Obviamente que me sentí inseguro, aterrado, al dar esos primeros pasos en la vereda. Era la primera vez que salía al mundo como mujer, por lo que la ansiedad y los nervios estaban a flor de piel.
De a poco, y al ver que la gente con la que me cruzaba no me miraba raro, fui ganando confianza, y la vuelta a la manzana se convirtió en dos, tres, cuatro cuadras.
Me gustaba el sonido de los tacos contra el pavimento, lo que me aportaba mayor seguridad. "Ésta soy yo...", me repetía una y otra vez, como un mantra. "Soy Carla".
Carlos, para mí, nunca había existido. Siempre me sentí nena primero, mujer después. Y aunque sabía que la transición sería difícil, sobre todo para mi familia, no tuve dudas en que ya había empezado a realizarla.
Ya estaba regresando a casa, chocha, feliz de la vida con ése primer paseo, cuándo me detengo en una esquina, esperando a que pase el auto que viene por esa calle. Pero antes de cruzar la intersección, se detiene y el conductor me hace el gesto para que cruce, cediéndome el paso.
Cruzo, siempre taconeando, y entonces el mismo auto dobla y empieza a seguirme a mínima velocidad.
-¿Te puedo alcanzar a algún lado, bonita?- me pregunta el conductor, un tipo que a simple vista representaba unos treinta y pico, de barba, ancho de hombros, por lo que alcanzaba a ver.
En ese momento decidí que debía ser sincera. No sé si se había dado cuenta o no, pero pensé que tenía que decírselo.
-Sabés que soy un chico, ¿no?-
La cara de sorpresa que puso me reveló que no, que no lo sabía. Me miró de arriba abajo y me sonrió.
-¿En serio?... Igual me parecés muy bonita- vuelve a decirme.
Ahora soy yo la que sonríe al escucharlo.
-¿Entonces, te llevó a algún lado?- me insiste.
Mi respuesta fue rodear el auto y subirme por la puerta del acompañante.

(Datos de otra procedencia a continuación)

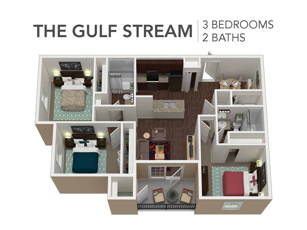 Modelo de apartamento: The Gulf Stream3 Dormitorios, 2 Baños, 1153 sq ftNo Disponible![]()

-¿Adónde te llevó?- quiere saber
-Donde quieras- le digo, muy suelta de cuerpo, como si subirme al auto de un extraño fuera algo a lo que ya estaba acostumbrada.
Obviamente que ése "dónde quieras" resulta ser a un telo. Un albergue transitorio que estaba cerca de mi casa, y frente al cuál había pasado tantas veces, sin imaginar que alguna vez entraría como mujer de la mano de un desconocido.
El tipo, que se llamaba José, o al menos así se presentó, también era casado. No me lo dijo, pero una alianza gruesa y brillante lo delataba. Se notaba que practicaba fierros, porque tenía los músculos trabados, bien marcados, por eso lo había notado ancho de hombros.
Me dijo que era la primera vez que estaba con un travesti, pero no le creí. Por la forma en que me besó y empezó a acariciarme ni bien entramos a la habitación, se notaba que ya tenía el gusto asimilado.
Mientras le chupaba la pija, él parado, yo de rodillas, en pose de sometimiento, como me pidió, levantaba una mano para acariciarle los abdominales, que de tan marcados parecían una pared de ladrillos.
Me gustaba su cuerpo, tan fibroso, con tanto músculo, incluso la pija era mucho más gorda y ancha que la del portero.
Por primera vez me cogieron con preservativo, con el portero siempre lo hacíamos a pelo, y aunque me gustaba sentir esa sensación de piel a piel, no había tanta diferencia con que te la metieran con forro, y eso que antes los preservativos no eran ultra súper recontra delgados como lo son ahora.
Luego de una rápida lubricación, me puse en cuatro, con el culo en pompa, para recibir toda esa verga bien hasta los pelos. Y al tenerla adentro, sí que sentí la diferencia de tamaño. Siendo más, mucho más gruesa que la del portero, sentía que me abría y estiraba hasta un límite que, hasta entonces, no me habían exigido. Aún así, pese a la cantidad de carne extra, mi culito supo acogerlo (nunca mejor usada la palabra) en su totalidad.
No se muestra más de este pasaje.